Todo este tiempo, las sectas más habituales del protestantismo no han concedido tal importancia a la conversión instantánea.
Para ellas, al igual que para la Iglesia católica, la sangre de Cristo, los sacramentos y los deberes religiosos ordinarios del individuo se supone en la práctica que bastan para su salvación, aun cuando no se experimente ninguna crisis aguda de auto-desesperación y rendición seguida de alivio.
Para el metodismo, por el contrario, a menos que haya habido una crisis de este tipo, la salvación solo se ofrece, no se recibe de manera efectiva, y el sacrificio de Cristo en esa medida es incompleto.
Sin duda, el metodismo sigue aquí, si no el instinto espiritual de mentalidad más sana, sí en conjunto el más profundo. Los modelos individuales que ha establecido como típicos y dignos de imitación no solo son los más interesantes desde el punto de vista dramático, sino que psicológicamente han sido los más completos.
En el Renacimiento religioso (Revivalism) plenamente evolucionado de la Gran Bretaña y de América tenemos, por decirlo así, el procedimiento codificado y estereotipado al que ha conducido esta forma de pensar.

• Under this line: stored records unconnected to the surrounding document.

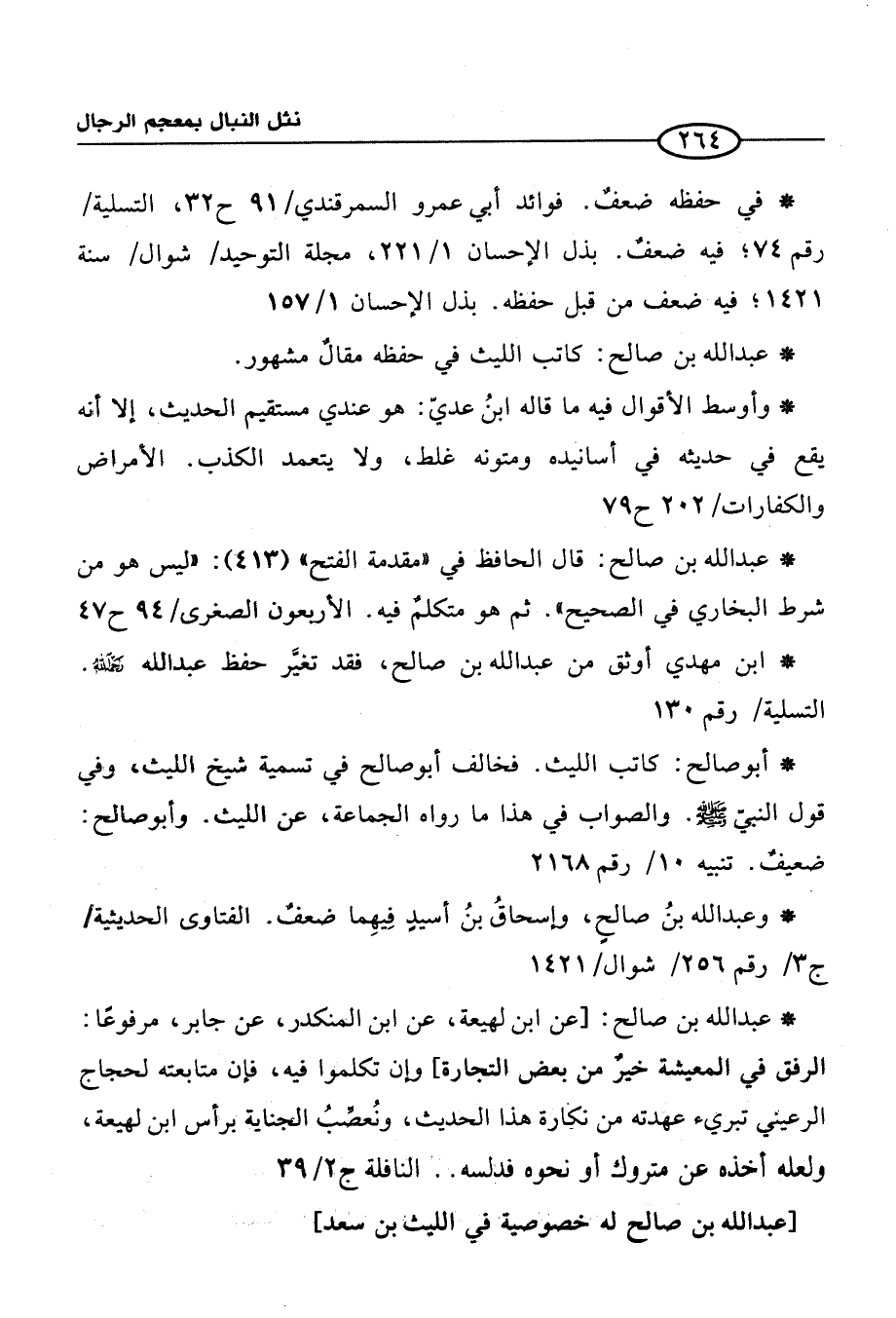 * عبد الله بن صالح: كاتب الليث في حفظه مقالٌ مشهور.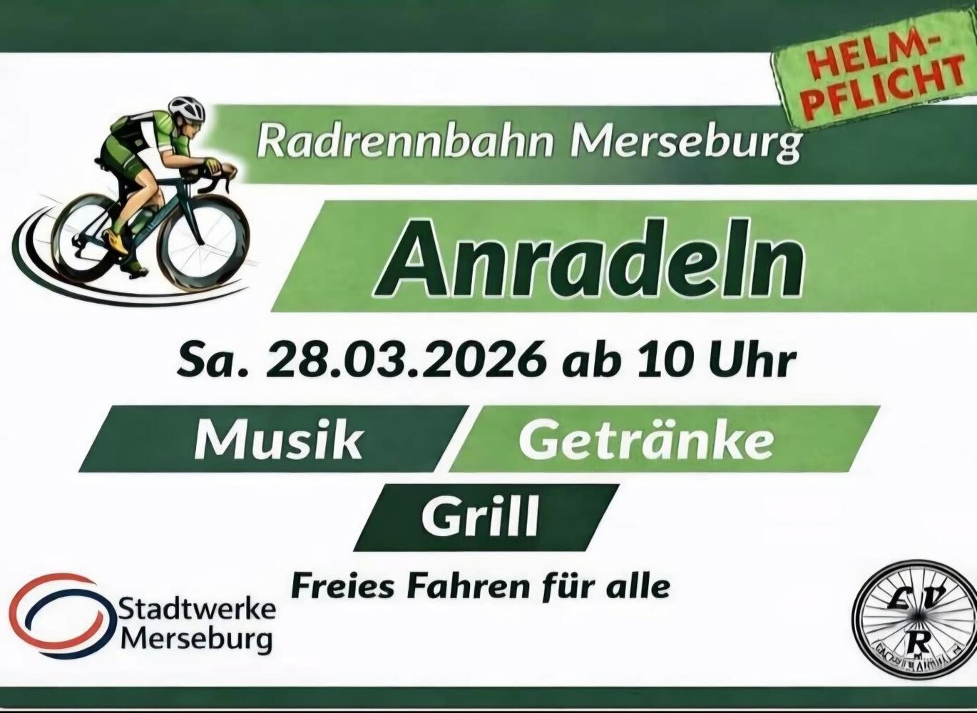 Am 28.03.2026 findet unser beliebtes Anradeln auf der Radrennbahn in Merseburg statt. Ein Event für die ganze Familie. Ob groß, ob klein. Kommt vorbei und radelt mit.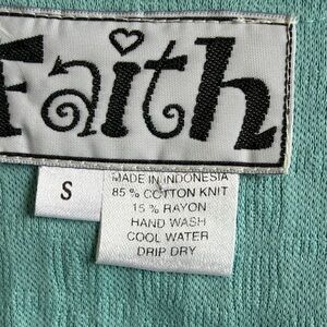 Like new Faith cardigan in a soft turquoise tone with mixed-texture knit and decorative patchwork details. Features a flattering V-neckline, front button closure, and front pockets for a cozy, casual look. Lightweight cotton-blend knit is perfect for layering year-round.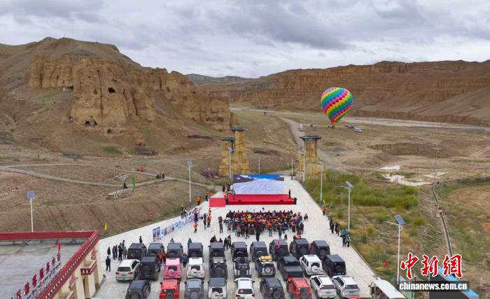 9月1日,參加“天上阿里·云巔自駕”活動(dòng)的游客在札達(dá)縣霞義溝土林景區(qū)參加開幕式(無人機(jī)照片)。閆志國 攝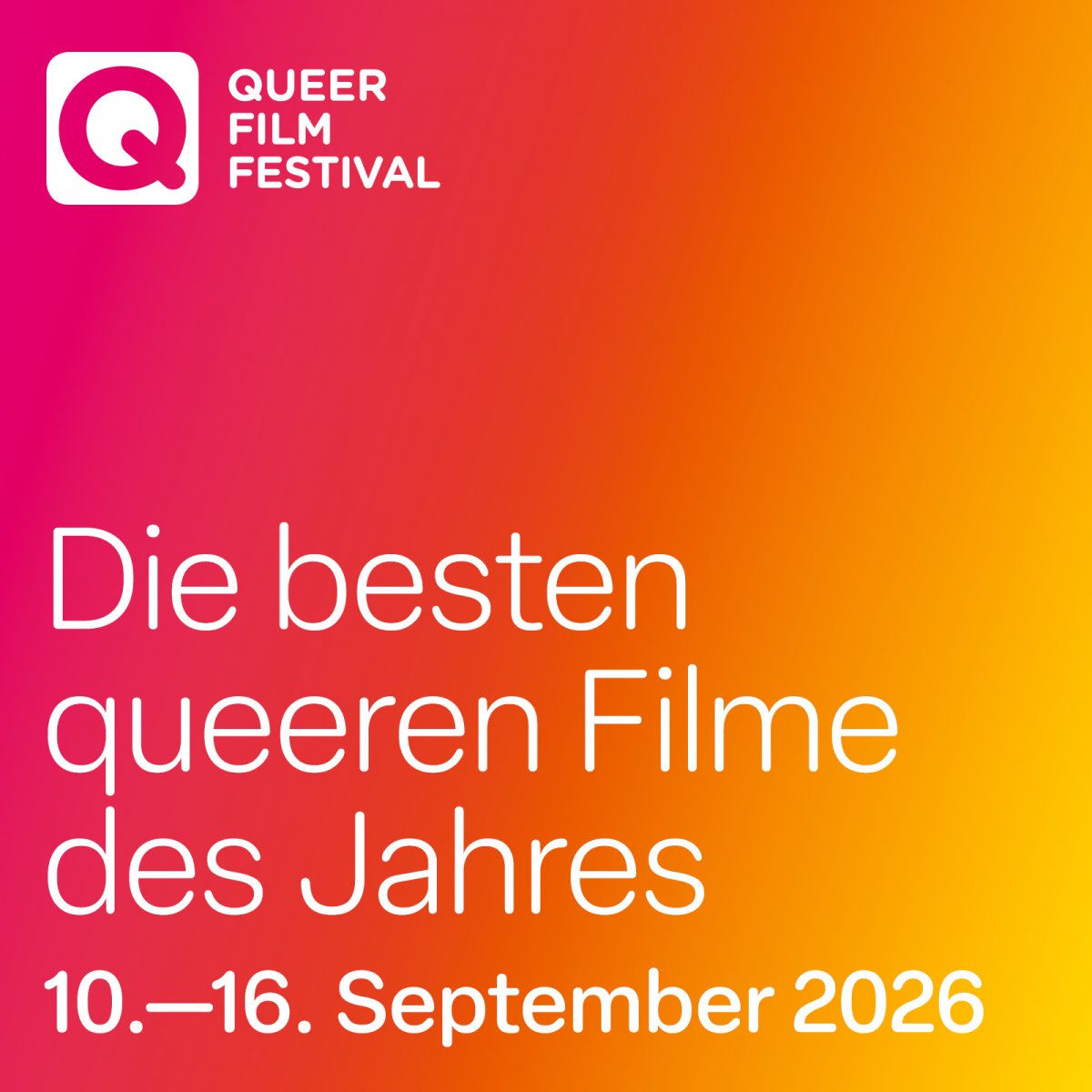 Das achte Queerfilmfestival naht und verspricht eine rauschende Festivalwoche in elf Städten gleichzeitig. Feiert mit uns die ganze Bandbreite des internationalen queeren Kinos: vom 10. bis zum 16. September 2026! Das Programm geben wir im Sommer bekannt. Wir freuen uns sehr!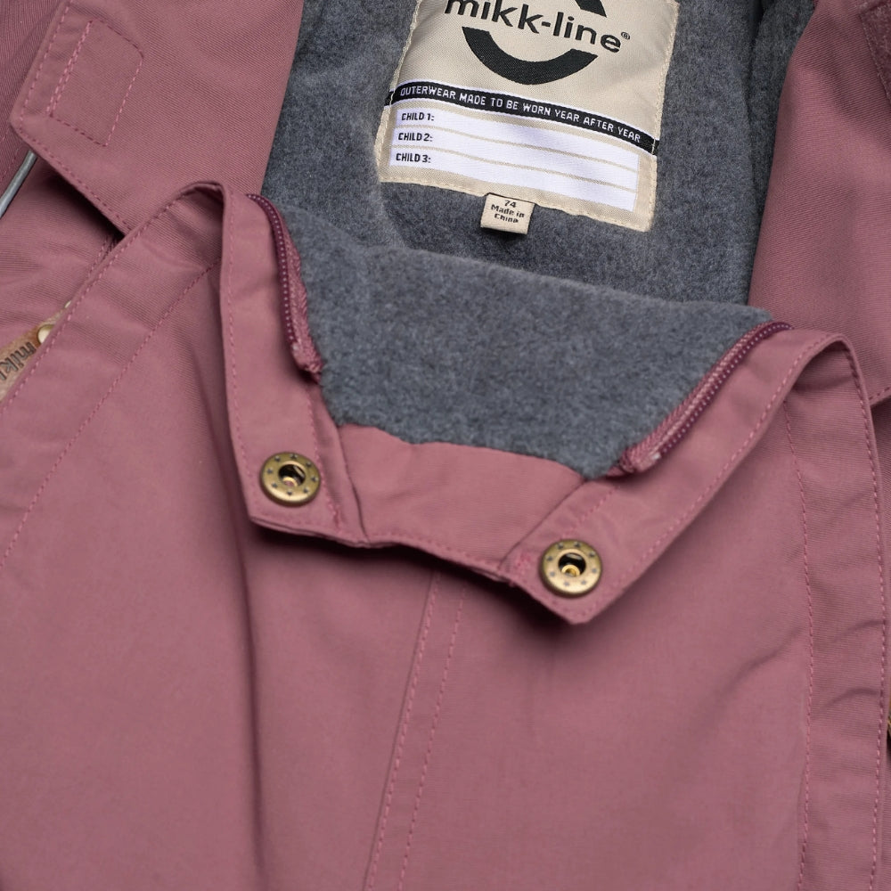 La tuta invernale per bambini della linea Mikk è realizzata in nylon resistente con rivestimento ecologico al fluoro BIONIC-FINISH® ECO e un'imbottitura in poliestere morbida e calda.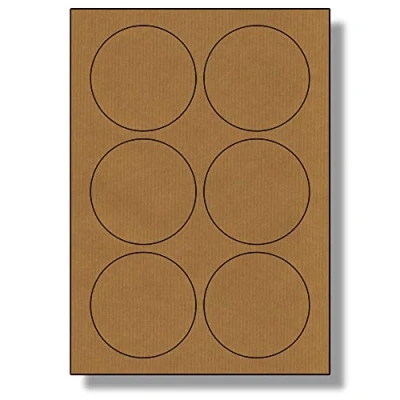 Label Planet® 6 Per Sheet, 5 Sheets (30 Round Brown Kraft Labels). Round, Brown, Ribbed, Craft Paper Labels. 88mm Diameter, LP6/88R BRK.

A pesar del hecho indiscutible de que existen santos del tipo de los nacidos una sola vez, de que puede haber un crecimiento gradual en la santidad sin un cataclismo; a pesar de la evidente filtración (por así decirlo) de mucha bondad puramente natural en el esquema de salvación; el revivalism siempre ha asumido que solo su propio tipo de experiencia religiosa puede ser perfecto: primero hay que ser clavado en la cruz de la desesperación y la agonía naturales, y luego, en un abrir y cerrar de ojos, ser liberado milagrosamente.